Raw data —
Start of Block

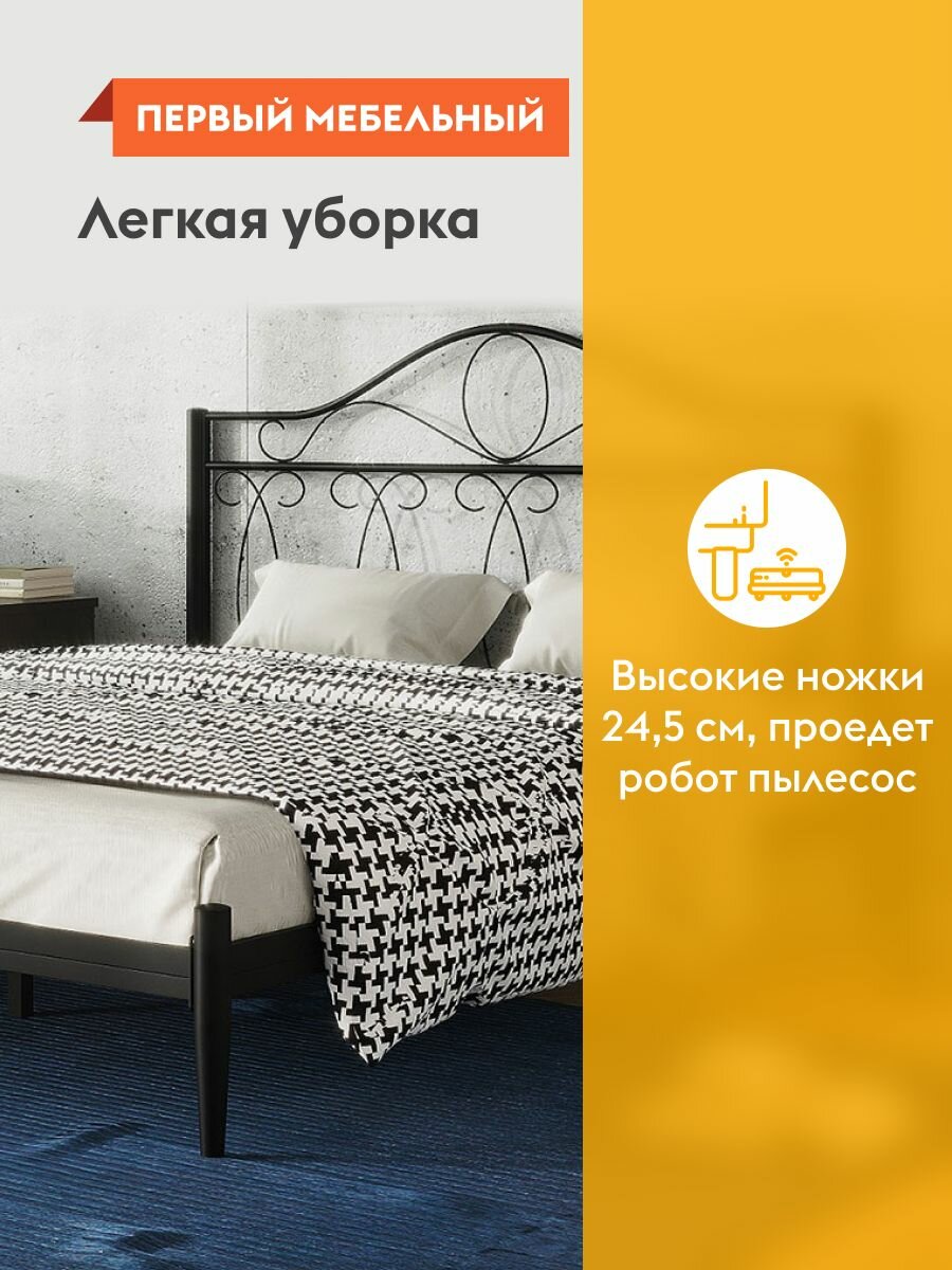 Кровать двуспальная Лекси 140х200 см, с анатомическим основанием, без подъемного механизма, без изножья, Черный, металл
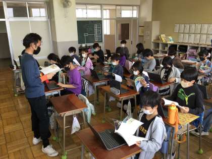 4月28日(水) 5年生 道徳 公開日 2021/04/28 更新日 2021/04/28 ゆうゆう記 5年生では今日の道徳の授業では、子供たち一人一人の考えをすぐに共有できるようにクロームブックを活用しました。道徳には正解はありません。みんな一人一人が納得できる答え(納得解)が大切です。新しくなった学習指導要領では、考える道徳、議論する道徳と言われています。子供たちが考えをもち、互いに共有することがクロームブックを使うことで容易になりました。 いいね(0)
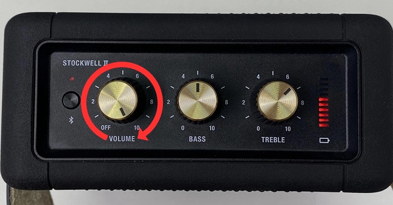 Loa Marshall Stockwell 2 không có nút nguồn riêng. Vì vậy để bật loa, bạn hãy vặn nút Volume xuôi chiều kim đồng hồ để khởi động loa. Để tắt loa, bạn chỉ cần vặn núm Volume ngược chiều kim đồng hồ cho đến khi nghe một tiếng tạch.

End of Block

Where the data contains images, drop them and print the rest exactly.

 Кровать двуспальная Лекси 140х200 см, с анатомическим основанием, без подъемного механизма, без изножья, Черный, металл
 4月28日(水) 5年生 道徳 公開日 2021/04/28 更新日 2021/04/28 ゆうゆう記 5年生では今日の道徳の授業では、子供たち一人一人の考えをすぐに共有できるようにクロームブックを活用しました。道徳には正解はありません。みんな一人一人が納得できる答え(納得解)が大切です。新しくなった学習指導要領では、考える道徳、議論する道徳と言われています。子供たちが考えをもち、互いに共有することがクロームブックを使うことで容易になりました。 いいね(0)
 Loa Marshall Stockwell 2 không có nút nguồn riêng. Vì vậy để bật loa, bạn hãy vặn nút Volume xuôi chiều kim đồng hồ để khởi động loa. Để tắt loa, bạn chỉ cần vặn núm Volume ngược chiều kim đồng hồ cho đến khi nghe một tiếng tạch.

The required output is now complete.